A Costa Vicentina de bicicleta

Carlos Bernardo, autor do blogue O Meu Escritório é Lá Fora, conta-nos, na primeira pessoa, como é percorrer a Costa Vicentina em duas rodas. Ele e a bicicleta. Cerca de 150km a pedalar entre o Cercal e Sagres. Objetivo: viver este território com um percurso traçado, mas com abertura para o inesperado.

Dia 1 

Na verdade, o dia 1 começou no dia anterior, no B&B Verdemar, perto do Cercal, onde dormi e jantei antes de  começar a pedalar pela Costa Vicentina. Fui genuinamente bem recebido pelo Nuno e pela Christine, um casal encantador que conseguiu facilmente me fazer sentir em casa e é tão bom quando isso acontece. Recomendo também os petiscos do Nuno.

No dia 1 propriamente dito, foi pedalar do Cercal até São Torpes, local mais a norte do Parque Natural da Costa Vicentina e Sudoeste Alentejano. Foram cerca de 35km, distribuídos uniformemente, metade a subir (nunca mais acabava) e outra metade a descer (maravilha). Como ainda faltava um pouco para a hora de almoço, passei São Torpes e parei na Praia da Vieirinha, onde caso não fosse o tempo limitado, ainda dava para voltar ao surf. Assim, apenas deu para dois dedos de conversa com o André da Costazul (escola de surf) e trocar por uns segundos a bicicleta pela prancha só para a foto. Com a promessa de voltar com mais tempo.

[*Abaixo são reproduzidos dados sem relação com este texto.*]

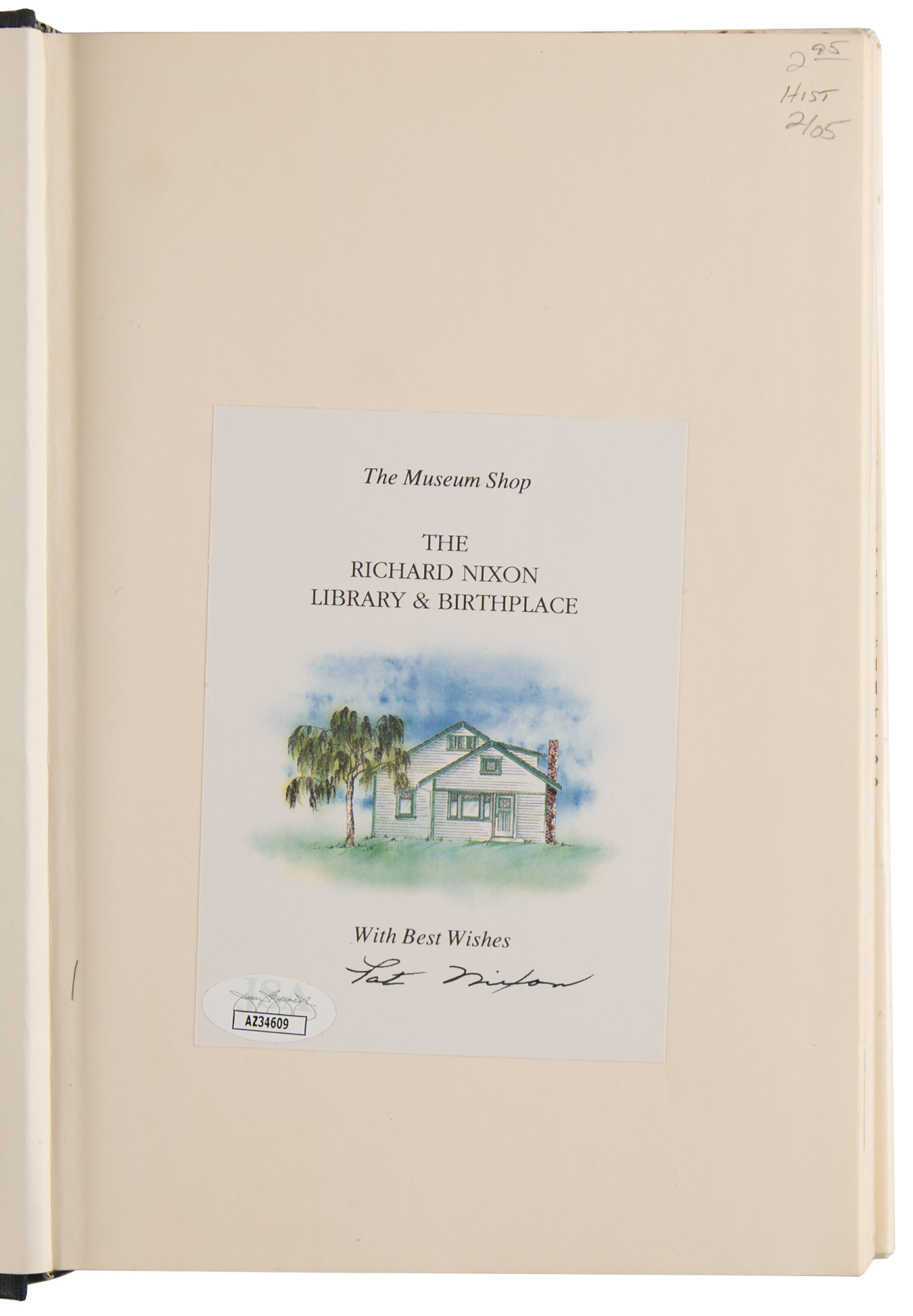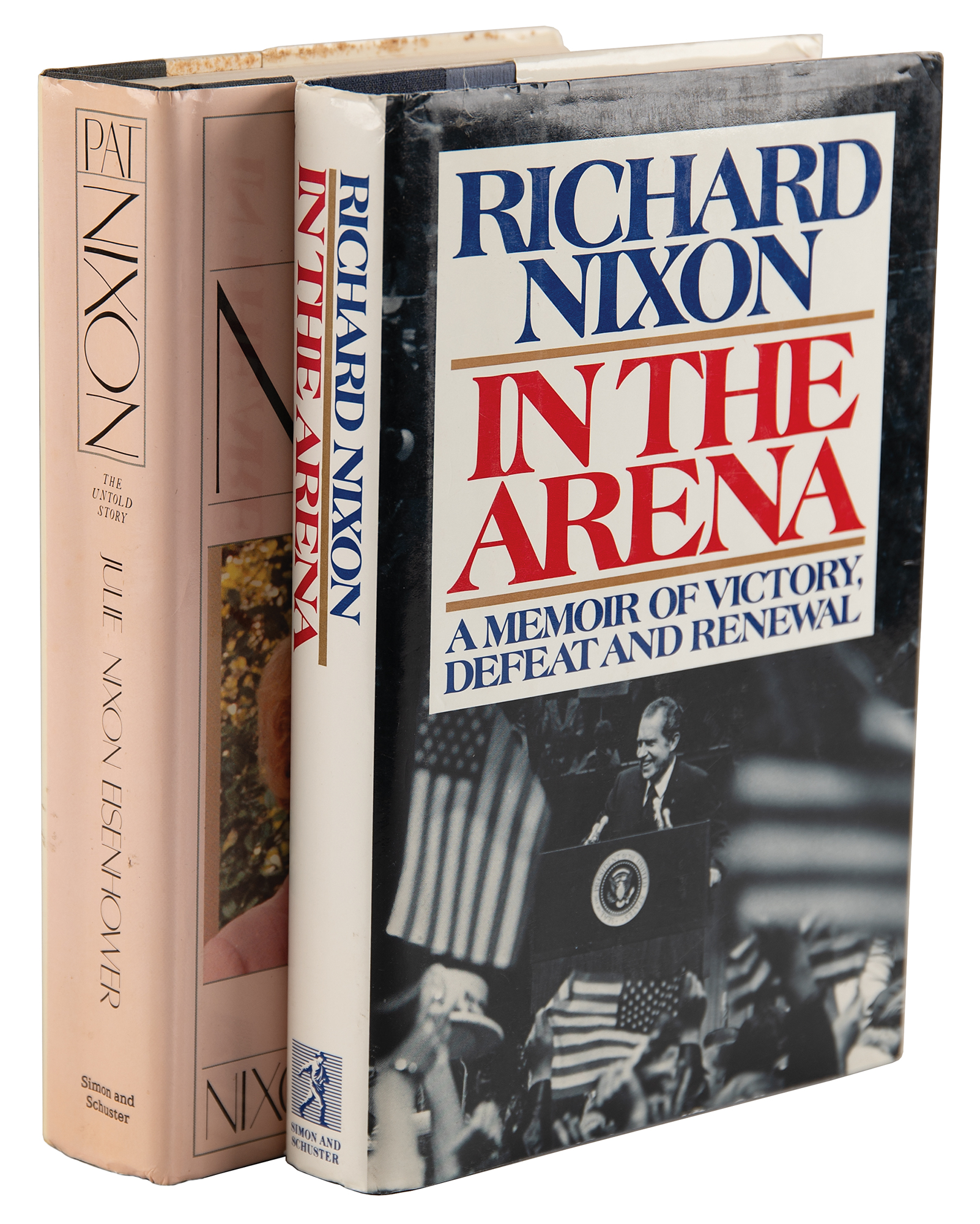 Two signed books: a first edition of In the Arena, hardcover with dust jacket, signed in black felt tip by Richard Nixon on a bookplate affixed to the opening page; and a later printing of Pat Nixon: The Untold Story, hardcover with dust jacket, signed in black felt tip by Pat Nixon on a bookplate affixed to the opening page. In very good to fine condition, with some buckling to the spines and a JSA label affixed to the Pat Nixon bookplate. Accompanied by a certificate of authenticity from JSA for Pat Nixon's signature.

Lá voltei para trás, novamente em direção a São Torpes, para almoçar no restaurante Trinca Espinhas. Impecável. Vista fabulosa para o Mar, raia alhada para comer e o melhor, a conversa com o proprietário Luis Magalhães sobre viagens, lugares e pessoas (existirá melhor assunto para um almoço!? Claro que não!).

Findo o almoço, foi tempo de seguir em direção a Porto Covo. E que estrada fabulosa liga São Torpes  a Porto Covo. Quase sempre com vista para o mar, são cerca de 10km, em que as pernas desligam as dores, nem se dá pelo tempo passar. As praias aqui são postais e quase parece que foram desenhadas.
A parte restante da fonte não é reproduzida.